| WHAT IS REQUIRED |
When you reach the line containing "時間の余白も重要で、残業が月" in the entries below, start writing out each line exactly, and stop after the line containing "This paper investigates".

[TASK INPUTS Boundary: Start]

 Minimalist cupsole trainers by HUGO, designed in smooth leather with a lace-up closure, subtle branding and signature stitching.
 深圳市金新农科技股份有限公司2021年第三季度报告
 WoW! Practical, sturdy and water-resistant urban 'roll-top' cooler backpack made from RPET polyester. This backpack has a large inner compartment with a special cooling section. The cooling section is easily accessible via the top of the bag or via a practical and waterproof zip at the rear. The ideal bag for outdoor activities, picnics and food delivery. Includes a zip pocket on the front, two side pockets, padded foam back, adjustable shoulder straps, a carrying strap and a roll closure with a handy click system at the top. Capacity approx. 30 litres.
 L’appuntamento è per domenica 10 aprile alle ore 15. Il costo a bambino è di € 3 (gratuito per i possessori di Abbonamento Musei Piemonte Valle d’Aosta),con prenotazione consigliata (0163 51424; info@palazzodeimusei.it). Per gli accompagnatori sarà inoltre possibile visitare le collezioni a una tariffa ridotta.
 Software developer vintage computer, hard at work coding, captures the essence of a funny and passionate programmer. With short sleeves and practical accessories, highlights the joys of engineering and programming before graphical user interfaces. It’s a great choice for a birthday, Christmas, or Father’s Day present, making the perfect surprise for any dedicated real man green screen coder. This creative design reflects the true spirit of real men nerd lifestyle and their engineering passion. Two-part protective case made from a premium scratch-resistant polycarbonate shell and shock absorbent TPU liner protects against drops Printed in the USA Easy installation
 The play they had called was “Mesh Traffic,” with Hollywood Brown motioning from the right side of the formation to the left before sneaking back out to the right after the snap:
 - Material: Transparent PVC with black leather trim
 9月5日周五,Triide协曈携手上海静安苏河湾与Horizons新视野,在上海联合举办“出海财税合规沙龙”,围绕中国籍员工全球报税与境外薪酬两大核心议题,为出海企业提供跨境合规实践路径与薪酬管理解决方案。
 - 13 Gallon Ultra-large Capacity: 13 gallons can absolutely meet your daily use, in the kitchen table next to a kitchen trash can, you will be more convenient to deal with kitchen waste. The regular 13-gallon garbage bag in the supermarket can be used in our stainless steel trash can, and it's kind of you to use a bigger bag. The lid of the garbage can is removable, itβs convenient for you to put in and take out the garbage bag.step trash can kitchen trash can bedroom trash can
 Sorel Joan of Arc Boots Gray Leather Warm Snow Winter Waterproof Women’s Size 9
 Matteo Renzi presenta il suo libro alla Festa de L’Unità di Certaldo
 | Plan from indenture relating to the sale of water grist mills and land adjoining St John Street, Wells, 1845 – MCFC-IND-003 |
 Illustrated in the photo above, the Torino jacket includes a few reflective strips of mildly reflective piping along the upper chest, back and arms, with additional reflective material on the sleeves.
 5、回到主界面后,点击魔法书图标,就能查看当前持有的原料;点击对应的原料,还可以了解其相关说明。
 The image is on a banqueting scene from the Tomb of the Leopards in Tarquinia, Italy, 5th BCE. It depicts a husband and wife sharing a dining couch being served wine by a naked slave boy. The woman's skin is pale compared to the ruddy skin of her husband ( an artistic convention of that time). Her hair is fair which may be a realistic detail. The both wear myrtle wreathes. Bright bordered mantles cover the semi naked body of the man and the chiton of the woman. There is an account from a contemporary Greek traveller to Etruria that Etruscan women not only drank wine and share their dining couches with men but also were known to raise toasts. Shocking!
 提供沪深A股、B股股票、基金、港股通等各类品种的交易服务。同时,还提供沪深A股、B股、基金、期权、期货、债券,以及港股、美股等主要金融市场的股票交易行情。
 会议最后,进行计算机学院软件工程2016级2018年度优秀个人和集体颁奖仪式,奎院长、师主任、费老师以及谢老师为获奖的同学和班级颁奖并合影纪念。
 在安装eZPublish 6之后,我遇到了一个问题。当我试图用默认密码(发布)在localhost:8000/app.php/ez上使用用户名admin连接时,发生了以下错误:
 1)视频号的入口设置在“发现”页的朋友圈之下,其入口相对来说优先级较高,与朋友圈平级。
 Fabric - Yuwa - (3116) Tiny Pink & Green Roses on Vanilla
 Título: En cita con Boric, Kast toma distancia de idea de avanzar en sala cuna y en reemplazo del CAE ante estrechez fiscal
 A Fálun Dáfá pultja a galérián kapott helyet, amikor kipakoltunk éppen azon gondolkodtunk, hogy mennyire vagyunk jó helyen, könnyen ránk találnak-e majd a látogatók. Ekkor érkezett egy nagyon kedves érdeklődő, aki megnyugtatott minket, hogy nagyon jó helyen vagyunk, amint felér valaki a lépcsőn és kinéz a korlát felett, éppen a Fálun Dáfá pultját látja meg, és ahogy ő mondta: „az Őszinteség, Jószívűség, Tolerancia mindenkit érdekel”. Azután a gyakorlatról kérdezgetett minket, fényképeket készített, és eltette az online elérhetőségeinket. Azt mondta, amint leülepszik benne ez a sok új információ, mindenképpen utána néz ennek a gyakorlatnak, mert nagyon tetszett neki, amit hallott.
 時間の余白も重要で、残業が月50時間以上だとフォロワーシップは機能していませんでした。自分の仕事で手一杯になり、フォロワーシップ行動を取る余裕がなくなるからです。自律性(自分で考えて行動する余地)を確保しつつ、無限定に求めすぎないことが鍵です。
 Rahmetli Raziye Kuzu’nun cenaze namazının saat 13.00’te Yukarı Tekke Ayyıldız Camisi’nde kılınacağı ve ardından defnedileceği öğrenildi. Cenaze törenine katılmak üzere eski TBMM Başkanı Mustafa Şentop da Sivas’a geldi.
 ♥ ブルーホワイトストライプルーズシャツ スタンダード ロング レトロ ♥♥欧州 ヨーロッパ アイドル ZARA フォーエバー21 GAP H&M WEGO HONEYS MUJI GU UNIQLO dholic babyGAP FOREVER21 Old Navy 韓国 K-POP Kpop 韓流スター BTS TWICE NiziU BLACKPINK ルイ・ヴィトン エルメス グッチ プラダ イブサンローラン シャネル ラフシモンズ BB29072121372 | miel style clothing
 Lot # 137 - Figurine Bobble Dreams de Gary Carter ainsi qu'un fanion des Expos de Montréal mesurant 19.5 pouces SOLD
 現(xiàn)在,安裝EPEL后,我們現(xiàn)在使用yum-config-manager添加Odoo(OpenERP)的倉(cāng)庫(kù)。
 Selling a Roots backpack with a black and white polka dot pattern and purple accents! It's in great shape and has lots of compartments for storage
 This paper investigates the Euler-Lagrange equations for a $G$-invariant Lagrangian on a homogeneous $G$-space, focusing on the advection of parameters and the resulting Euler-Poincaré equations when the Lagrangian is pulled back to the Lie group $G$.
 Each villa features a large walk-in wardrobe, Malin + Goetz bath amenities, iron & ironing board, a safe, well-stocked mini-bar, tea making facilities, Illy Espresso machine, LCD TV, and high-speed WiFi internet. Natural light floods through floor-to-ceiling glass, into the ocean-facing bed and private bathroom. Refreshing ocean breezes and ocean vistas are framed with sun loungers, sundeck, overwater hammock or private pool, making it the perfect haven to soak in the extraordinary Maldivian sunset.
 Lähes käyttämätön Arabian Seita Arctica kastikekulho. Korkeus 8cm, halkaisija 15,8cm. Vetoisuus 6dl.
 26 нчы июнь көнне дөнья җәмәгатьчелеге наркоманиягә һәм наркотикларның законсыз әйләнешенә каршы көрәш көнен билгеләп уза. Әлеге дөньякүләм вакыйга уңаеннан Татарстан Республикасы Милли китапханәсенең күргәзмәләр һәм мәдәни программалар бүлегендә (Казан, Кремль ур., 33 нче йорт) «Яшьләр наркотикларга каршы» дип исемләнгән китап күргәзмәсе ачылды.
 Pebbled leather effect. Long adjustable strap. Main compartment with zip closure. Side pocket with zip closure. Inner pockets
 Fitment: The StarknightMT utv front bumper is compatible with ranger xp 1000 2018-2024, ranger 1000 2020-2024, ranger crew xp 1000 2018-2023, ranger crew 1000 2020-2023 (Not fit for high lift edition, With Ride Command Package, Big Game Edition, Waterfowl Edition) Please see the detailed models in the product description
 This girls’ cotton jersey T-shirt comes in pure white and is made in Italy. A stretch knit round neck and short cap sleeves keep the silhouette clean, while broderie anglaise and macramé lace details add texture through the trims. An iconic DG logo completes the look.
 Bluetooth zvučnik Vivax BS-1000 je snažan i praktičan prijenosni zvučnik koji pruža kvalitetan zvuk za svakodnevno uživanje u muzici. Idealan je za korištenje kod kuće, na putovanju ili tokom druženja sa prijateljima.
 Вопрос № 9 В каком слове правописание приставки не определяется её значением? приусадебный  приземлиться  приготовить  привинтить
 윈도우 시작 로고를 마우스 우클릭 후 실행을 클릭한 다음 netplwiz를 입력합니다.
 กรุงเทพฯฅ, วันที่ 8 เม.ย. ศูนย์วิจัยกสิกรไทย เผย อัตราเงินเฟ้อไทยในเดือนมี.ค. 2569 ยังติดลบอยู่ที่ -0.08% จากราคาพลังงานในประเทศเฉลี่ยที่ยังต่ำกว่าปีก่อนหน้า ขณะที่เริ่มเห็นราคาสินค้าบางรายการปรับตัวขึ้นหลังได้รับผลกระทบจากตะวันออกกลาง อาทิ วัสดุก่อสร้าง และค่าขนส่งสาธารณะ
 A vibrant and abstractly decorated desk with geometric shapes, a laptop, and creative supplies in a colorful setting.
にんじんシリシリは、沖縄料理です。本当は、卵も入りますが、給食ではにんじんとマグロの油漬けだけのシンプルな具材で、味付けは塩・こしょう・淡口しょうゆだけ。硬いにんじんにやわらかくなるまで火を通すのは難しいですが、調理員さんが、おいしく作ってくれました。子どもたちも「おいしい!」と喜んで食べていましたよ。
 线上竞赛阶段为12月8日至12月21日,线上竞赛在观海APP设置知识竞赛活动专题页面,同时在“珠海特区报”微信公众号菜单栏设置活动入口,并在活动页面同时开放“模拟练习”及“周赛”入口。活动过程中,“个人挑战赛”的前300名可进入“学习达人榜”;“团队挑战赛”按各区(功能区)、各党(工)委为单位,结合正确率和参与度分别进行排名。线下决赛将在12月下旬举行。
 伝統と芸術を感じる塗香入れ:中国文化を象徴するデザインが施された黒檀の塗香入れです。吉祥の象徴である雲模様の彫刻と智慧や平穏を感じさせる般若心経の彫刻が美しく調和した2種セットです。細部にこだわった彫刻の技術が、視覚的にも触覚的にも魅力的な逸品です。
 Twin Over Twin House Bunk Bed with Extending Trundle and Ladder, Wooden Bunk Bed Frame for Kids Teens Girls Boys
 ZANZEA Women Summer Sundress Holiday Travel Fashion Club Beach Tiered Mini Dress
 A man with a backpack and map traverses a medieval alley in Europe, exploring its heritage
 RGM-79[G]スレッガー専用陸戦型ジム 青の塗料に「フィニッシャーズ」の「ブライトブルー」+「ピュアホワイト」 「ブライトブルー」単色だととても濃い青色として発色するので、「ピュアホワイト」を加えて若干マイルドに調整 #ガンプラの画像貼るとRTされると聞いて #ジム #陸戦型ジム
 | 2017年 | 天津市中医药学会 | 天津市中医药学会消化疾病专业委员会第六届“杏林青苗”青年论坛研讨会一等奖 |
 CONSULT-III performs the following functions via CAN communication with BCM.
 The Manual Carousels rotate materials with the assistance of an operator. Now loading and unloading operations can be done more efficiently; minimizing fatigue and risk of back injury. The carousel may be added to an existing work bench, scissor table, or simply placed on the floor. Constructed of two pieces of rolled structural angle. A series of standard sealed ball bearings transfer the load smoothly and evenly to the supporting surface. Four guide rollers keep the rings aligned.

[TASK INPUTS Boundary: End]

| RESPONSE FOR THIS EXERCISE |
 時間の余白も重要で、残業が月50時間以上だとフォロワーシップは機能していませんでした。自分の仕事で手一杯になり、フォロワーシップ行動を取る余裕がなくなるからです。自律性(自分で考えて行動する余地)を確保しつつ、無限定に求めすぎないことが鍵です。
 Rahmetli Raziye Kuzu’nun cenaze namazının saat 13.00’te Yukarı Tekke Ayyıldız Camisi’nde kılınacağı ve ardından defnedileceği öğrenildi. Cenaze törenine katılmak üzere eski TBMM Başkanı Mustafa Şentop da Sivas’a geldi.
 ♥ ブルーホワイトストライプルーズシャツ スタンダード ロング レトロ ♥♥欧州 ヨーロッパ アイドル ZARA フォーエバー21 GAP H&M WEGO HONEYS MUJI GU UNIQLO dholic babyGAP FOREVER21 Old Navy 韓国 K-POP Kpop 韓流スター BTS TWICE NiziU BLACKPINK ルイ・ヴィトン エルメス グッチ プラダ イブサンローラン シャネル ラフシモンズ BB29072121372 | miel style clothing
 Lot # 137 - Figurine Bobble Dreams de Gary Carter ainsi qu'un fanion des Expos de Montréal mesurant 19.5 pouces SOLD
 現(xiàn)在,安裝EPEL后,我們現(xiàn)在使用yum-config-manager添加Odoo(OpenERP)的倉(cāng)庫(kù)。
 Selling a Roots backpack with a black and white polka dot pattern and purple accents! It's in great shape and has lots of compartments for storage
 This paper investigates the Euler-Lagrange equations for a $G$-invariant Lagrangian on a homogeneous $G$-space, focusing on the advection of parameters and the resulting Euler-Poincaré equations when the Lagrangian is pulled back to the Lie group $G$.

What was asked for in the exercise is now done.